Le Nazioni Unite nel 1992 hanno istituito la Giornata Mondiale dell’Acqua: 24 ore durante le quali gli stati membri promuovono attività concrete a difesa dell’acqua, e che le istituzioni nazionali e internazionali e le organizzazioni non governative dedicano alla sensibilizzazione dell’opinione pubblica su uno dei temi più critici della nostra era.“Il mondo ha sete perché ha fame”, è lo slogan che la FAO ha coniato per la Giornata Mondiale dell’Acqua 2013.
In Italia sono state diverse le iniziative lanciate per sensibilizzare a un consumo più oculato del nostro oro blu. Per esempio, Green Cross Italia, filiale dell’associazione ambientalista fondata da Mikhail Gorbaciov, ha lanciato la campagna “Salva la goccia”, con la quale ha diffuso un decalogo per il risparmio idrico e ha organizzato diversi eventi, sia in luoghi pubblici che sui social networks.
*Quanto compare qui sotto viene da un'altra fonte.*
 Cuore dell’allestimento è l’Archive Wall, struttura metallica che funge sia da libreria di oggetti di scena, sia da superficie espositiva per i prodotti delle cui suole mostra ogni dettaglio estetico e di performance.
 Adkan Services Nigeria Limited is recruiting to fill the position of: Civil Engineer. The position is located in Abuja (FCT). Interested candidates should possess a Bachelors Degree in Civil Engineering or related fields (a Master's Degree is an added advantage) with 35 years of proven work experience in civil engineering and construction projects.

Questa giornata ha avuto il merito di portare alla ribalta un tema che da anni passa in sordina, forse volutamente. L’acqua è il sangue del nostro pianeta e i fiumi sono le vene. Essa, non solo scorre nel paesaggio portando biodiversità, ma scorre anche nelle nostre cucine, nei nostri bagni, nei nostri cibi.
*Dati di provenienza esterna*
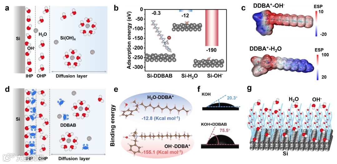 硅阳极腐蚀反应(Si + 2OH⁻ + 2H2O → SiO2(OH)22⁻ + 2H2)的核心在于H2O的参与。由于Si-OH⁻的吸附能(-190 kcal mol-1)显著高于Si-H₂O(-12 kcal mol-1),OH⁻倾向于在内亥姆霍兹层(IHL)形成强而稳定的Si-O化学键,而溶剂H₂O仅物理吸附于OH⁻外层。初始双电层(EDL)结构如图1a所示。引入DDBAB添加剂后,通过XPS和FTIR测试证实了原位疏水性保护层的存在。此外通过DFT)计算表明,Si-OH⁻的吸附能(-190 kcal mol-1)显著高于Si-H2O(-12 kcal mol-1)和Si-DDBAB(-0.3 kcal mol-1)(图1b)。静电势(ESP)分析(图1c)显示,DDBA+((C2H5)2N+(C6H5)2)与OH-之间存在强静电吸引作用(蓝色负电势区域),而与H2O的相互作用较弱(红色正电势区域)。量子化学计算(图1e)进一步证实,DDBA+与OH⁻的结合能(-155.1 kcal mol-1)远高于其与H₂O的结合能(-12.8 kcal mol-1)。这表明DDBAB虽不能直接优先吸附于硅阳极表面(OH⁻仍保持优先吸附),但凭借其与OH⁻的强静电作用和更高结合能,DDBA+可优先吸附于Si-OH⁻外层,取代内亥姆霍兹层(IHL)中的H2O(图1d)。这一重构显著减少了H2O与硅阳极的接触,从而有效抑制了由H2O引发的析氢腐蚀。
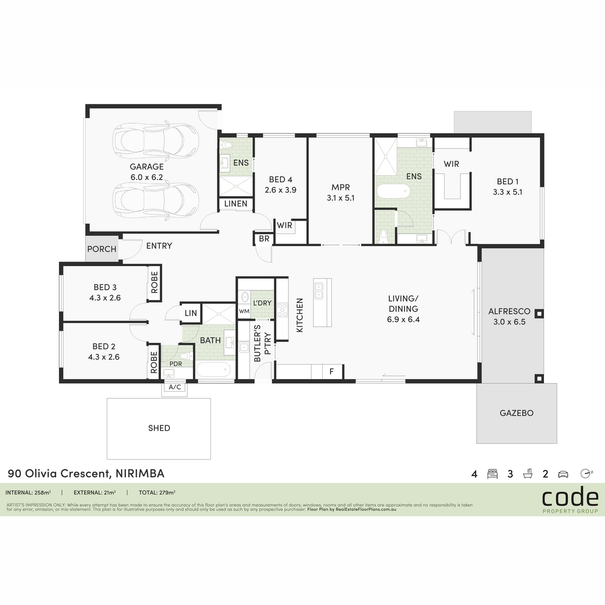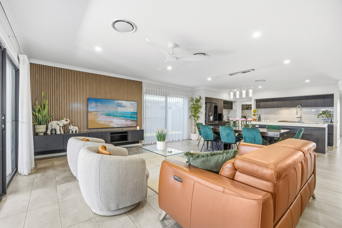 Across approximately 279m2, the home comprises four bedrooms, three bathrooms, study nook, two separate living areas, ultra-stylish kitchen with quality appliances and butler's pantry, north facing covered alfresco entertaining terrace, separate laundry, and double lock up garage.

Per ogni chilo di pasta secca prodotta nel nostro paese sono necessari, in media, 1.924 litri d’acqua. Poco minore è l’impronta idrica di una pizza, circa 1.216 litri d’acqua. In Italia c’è un consumo di acqua di 152 metri cubi annui pro capite, che riflette un consumo parziale, riferito solo all’acqua che utilizziamo per usi domestici. L’acqua che consumiamo in realtà è molta di più ma non riusciamo a percepirla perché è acqua che è coinvolta nei processi di produzione agricola e industriale.
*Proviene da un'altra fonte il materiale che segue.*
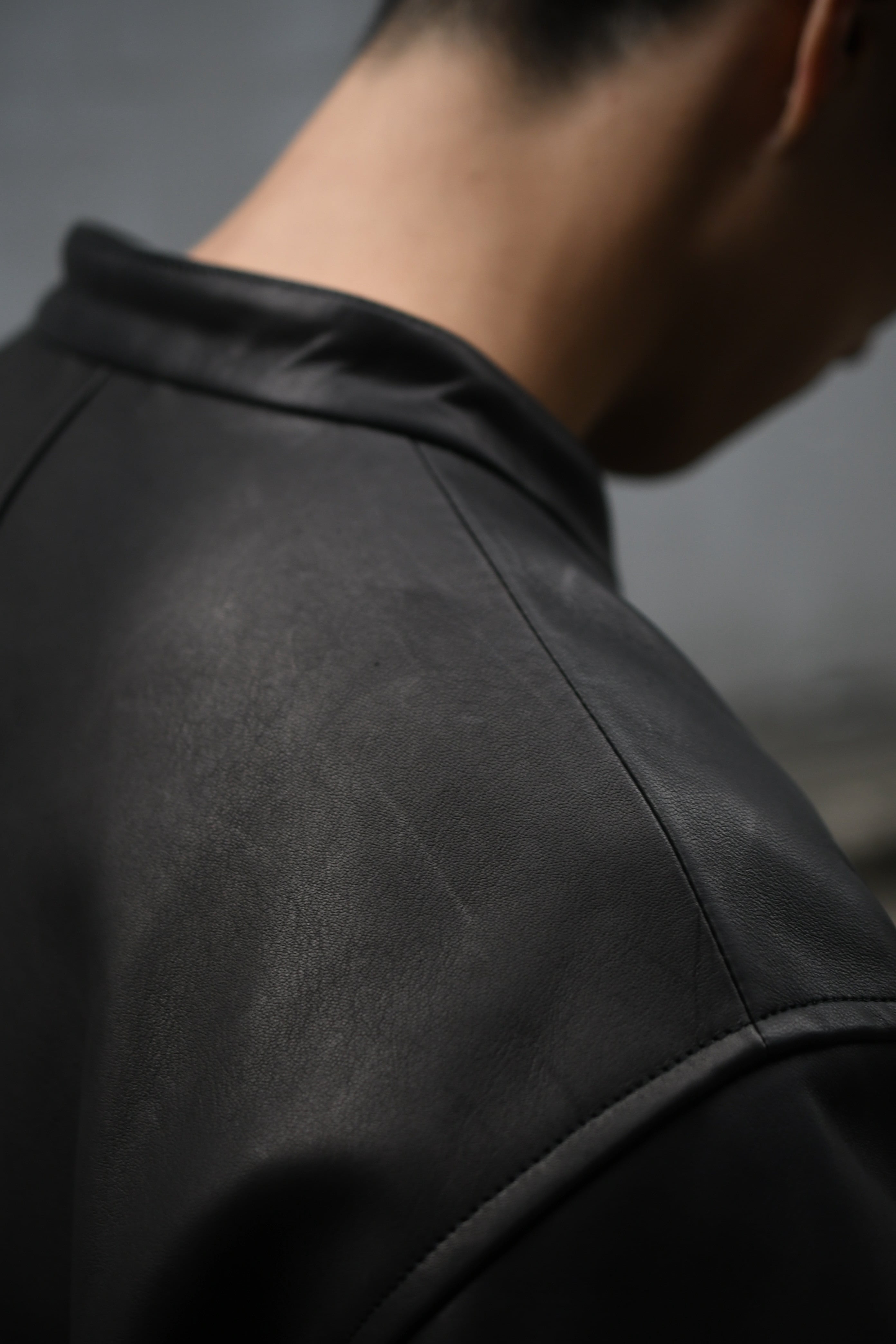 そしてもう1つ『着れてしまう』大きな理由は、襟やリブ等の装飾を排したフロントジップ型というハードさから距離を取ったミニマルで落ち着いたデザインであり、より一層ラムの繊細で凛とした革の魅力が引き出されている。

Si parla sempre dell’acqua in bottiglia ma la verità è che se oggi parliamo di scarsità idrica, ci riferiamo alla scarsità d’acqua riguardo al cibo. Quindi dell’acqua che mangiamo. L’uso alimentare corrisponde a un 90%, che non è un numero di poco conto. L’agricoltura, in particolare, impiega una quantità di acqua enorme, e quanta più ne usa, tanto meno efficiente sembra essere il suo modello gestionale. Una soluzione tecnica che potrebbe essere utile è l’ etichetta idrica, un’ informazione ambientale che potrebbe incidere sulla capacità del consumatore di prendere decisioni consapevoli, influenzandone la scelta commerciale.
Da circa sette miliardi di oggi, passeremo velocemente a oltre nove miliardi di persone nel 2050 che, per i soli fabbisogni primari del bere e della nutrizione, eserciteranno una pressione sulle risorse naturali senza precedenti. Necessitiamo perciò di ripensare a un modello della gestione delle risorse idriche che sia più consapevole e responsabile; è necessario però che anche il cittadino sviluppi una sensibilità maggiore sul tema acqua, perché è parte fondante dell’ eredità che lasceremo alle generazioni che verranno.